Dans la Normandie de 1819.

A peine sortie du couvent où elle a fait ses humanités, Jeanne, de retour chez ses parents et encore pleine des rêves de son enfance, épouse Julien de Lamare.

Dans les premier temps attentif et amoureux, celui-ci se révèle vite avare, brutal et volage.

Les illusions de Jeanne commencent à disparaître lorsque ses parents quittent le domaine et qu’elle se retrouve seule face au vrai visage de son époux.

Heureusement il y a Rosalie, sa jeune servante avec laquelle elle a grandi et noué des liens d’amitié.

Cinéma : Une vie
Cinéma : Une vie

Après « La loi du marché « , Stéphane Brizé fait le grand écart et passe à un projet qui remontait à une vingtaine d’années, au moment où il découvrait le livre de Guy de Maupassant.

S’il considère que les contextes sont différents à tous points de vue, il voit une parenté entre le personnage de Jean de « La loi du marché  » et celui de Jeanne d’ « Une vie « , car ayant tous deux une haute idée de la vie au-delà de l’époque et de la situation sociale.

Jeanne passe à la vie adulte sans avoir fait le deuil du paradis de l’enfance, un monde où tout semble parfait.

Au fur et à mesure qu’elle avancera dans sa vie de femme, elle verra son idéal se nuancer pour aller bientôt jusqu’au désenchantement.

Ses difficultés viendront de l’attitude révélée de son mari et de sa difficulté à trouver la bonne distance pour faire évoluer le regard très personnel qu’elle porte sur la vie.

Dans un premier tiers de son film, Stéphane Brizé fait progresser son récit par une suite de scènes en creux, négligeant les événements saillants qui, depuis l’arrière-plan, ponctuent l’existence monotone de Jeanne. Un choix narratif qui s’avère très efficace et produit un récit tout à la fois fluide et saccadé très convaincant et très maîtrisé, soutenu par une très belle photographie des paysages normands.

La découverte des infidélités de Julien, le départ de Rosalie et de l’enfant résultant de sa liaison forcée et à qui on a donné une ferme en dédommagement de leur renvoi du domaine, et bientôt la mort de la Baronne font plonger le film dans la grisaille d’une solitude prélude au drame qui menace.

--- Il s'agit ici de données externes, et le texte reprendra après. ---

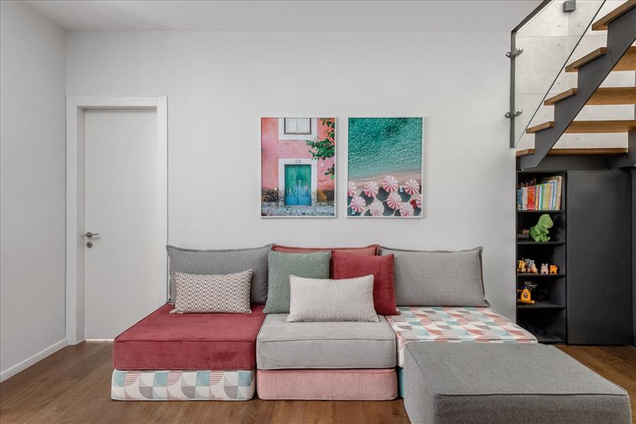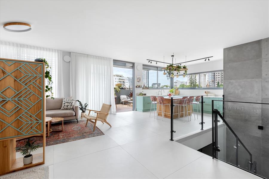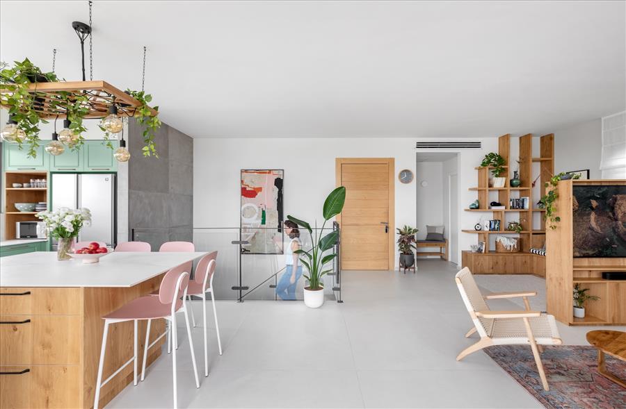 קומת המגורים התחתונה עברה הלבשה מלאה עם צבעוניות חדשה, רהיטים, תאורה, אומנות ועוד.
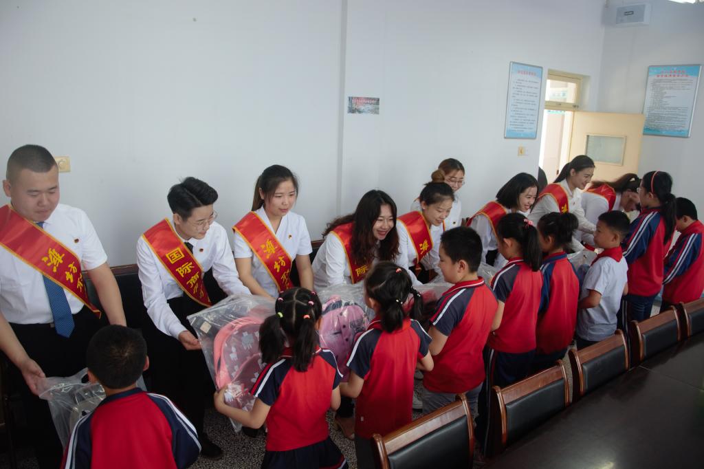 5月28日一早,国际商务学院分管学生负责人、团总支书记、潍爱青年志愿者协会指导老师和10名捐款学生代表和4名志愿者带着捐赠物资前往早春园小学。在早春园小学的升旗仪式结束后,必赢学生代表和志愿者们一对一地将爱心捐赠物资送到贫困儿童手中,这些贫困儿童接过书包、笔记本后连声道谢,脸上写满了感恩,必赢学生代表和志愿者也深深体会到了此次活动的意义。

Le récit qui s’étend sur vingt-sept années, laisse à Paul, l’enfant de Jeanne et Julien, le temps de devenir le jeune homme aventureux sur qui sa mère reportera toute son affection et qui deviendra, en retour, la source de ses tourments. Enclin à entreprendre des aventures risquées, ses dettes vont contraindre Jeanne à vendre, les unes après les autres, toutes les fermes du domaine.

Ruinée et seule, elle sera secourue in extremis par la reconnaissante Rosalie.

Si la première partie du film était dans la demi-teinte, la nuance, avec le drame et la solitude, il prend ensuite la forme nécessaire d’un mélodrame que Stéphane Brizé conduit de main de maître et la seule réserve qu’on pourrait faire à sa totale maîtrise du récit serait peut-être du côté du choix de la jeune comédienne Judith Chemla pour incarner Jeanne. Son jeu faussement sobre, en réalité très sophistiqué, très apprêté semble parfois trahir le fil narratif initié.

En 1957, Alexandre Astruc adaptait le roman de Maupassant et le choix qu’il fit, en confiant le personnage de Jeanne à Maria Shell était autrement plus judicieux.

Mais quelque-soit le choix de son sujet, Stéphane Brizé qui est un de nos grands réalisateurs, réalise avec force et discrétion des œuvres abouties.

« Une vie » est à ajouter à son brillant palmarès.